Да, я знала. Только мне — не теперешней, нет, а тогдашней Кузе — приоткрыл он лазеечку в свою жизнь, в свою судьбу, в свое сердце. Только мне гордый, независимый Турбин дал право участия и суматошной, беспорядочной помощи. Только мне доверил он теплые ладошки своих ненаглядных двойняшек и разрешил им привязаться ко мне, привыкнуть.

«И это пройдет»?

Нет, царь Соломон с долговязым курильщиком явно ошибались.

Это останется. Как бесконечный невидимый шлейф будет тянуться всегда, опутывать, обескураживать, разбивать разумные доводы и соображения здравого смысла, сбивать с толку — это мое вечное бремя, вечная ноша…

Ленинградская студенческая жизнь оказалась невероятно насыщенной, шумной.

Общительная Кузя быстро обросла компанией новых друзей.

Жить с бабушкой Кузе очень нравилось. Та не угнетала внучку нотациями и советами, не призывала к благоразумию, охотно соглашалась на многочисленные студенческие сборища в своей петербургской старомодной квартире.

Бабушка познакомила Кузю с сотрудниками Русского музея и Эрмитажа, и Кузя по целым дням пропадала в запасниках, извлекая для себя из их богатейших коллекций новые имена, новые впечатления, новые представления о живописи.

Иногда она просила Кузю съездить с ней в Репино, где жила ее дальняя родственница. Кузя забирала с собой мольберт, краски, и, пока две старушки устраивали чаепития и вспоминали дорогих ушедших из жизни людей, она бродила по лесу, спускалась к заливу, выбирая натуру, и делала наброски пейзажей, стараясь не упускать никаких нюансов и деталей натуры, за что ее всегда расхваливала бабушка.

В мансарде бабушкиного дома размещалась мастерская. В ней среди засилья гипсовых фигур работала Кузя. Бабушка была прекрасным скульптором.

Кузе очень нравилась ее лаконичная, жесткая манера, мужская, четкая. В то же время скульптуры ее были согреты мудрым теплым пониманием людей, даже какой-то затаенной снисходительностью к ним.

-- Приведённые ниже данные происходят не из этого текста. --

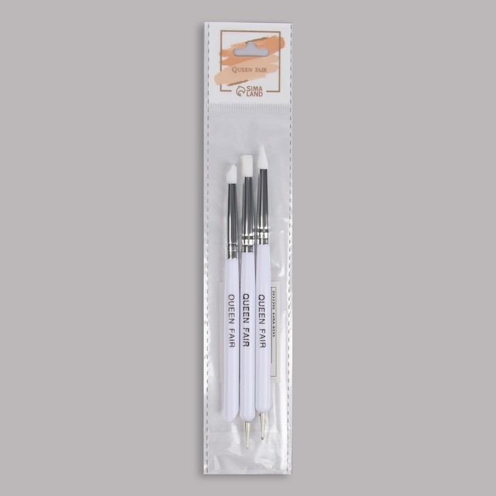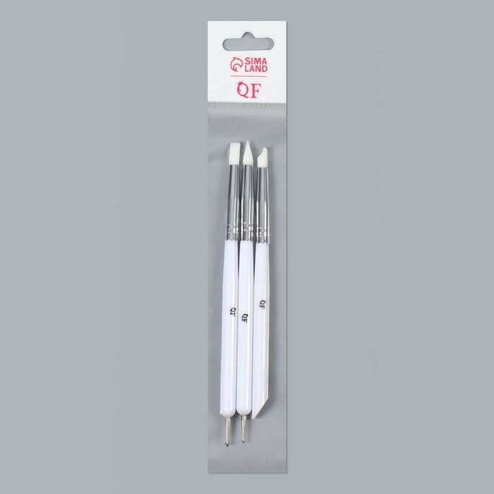 Набор для наращивания и дизайна ногтей: силиконовая кисть - дотс 2 шт, силиконовая кисть - пушер, цвет белый

Больше всего любила Кузя бабушкиного Чехова. Он сидел на садовой скамейке, чуть нагнувшись вперед, его гибкие, нервные пальцы обхватили переплетенные ноги, а голова, красивая, гордая, на длинной шее, была чуть склонена к плечу, словно он прислушивался к себе, одухотворенный пока еще неясными переплетениями человеческих судеб, переполненный любовью и жалостью к своим мятущимся героям.

Чем пристальнее вглядывалась Кузя в скульптуру, тем больше поражалась тому непрерывному движению, которое было передано в абсолютно неподвижной позе писателя, — движению мысли, интеллекта, внутреннему беспокойству и сосредоточенной одержимости.

Кузя могла проследить каждое движение, предшествовавшее запечатленной позе Чехова. Вот он порывисто поднял правую руку, расстегнул тугой стоячий ворот рубашки, крутнул головой, вздохнул глубоко-глубоко и, еще не выдохнув до конца, бросил на колени руки. Еще раз хотел пошевелить головой, освобождаясь от крахмального воротничка, да так и замер, чуть наклонив голову, от вдруг нахлынувших ощущений, расслабив от всегдашнего близорукого прищура свои прекрасные всевидящие глаза…

Игорь появился в Ленинграде внезапно. Как всегда, Кузя позвонила в перерыве между лекциями.

— Булька, приветик! У меня все тип-топ. Как ты?

— Тоже тип-топ. Наташка, к тебе гость приехал. Турбин твой. Слушай, замечательное лицо у него. Сейчас таких лиц уже не бывает, знаешь, какое-то народовольческое… Я бы, пожалуй, поработала над ним…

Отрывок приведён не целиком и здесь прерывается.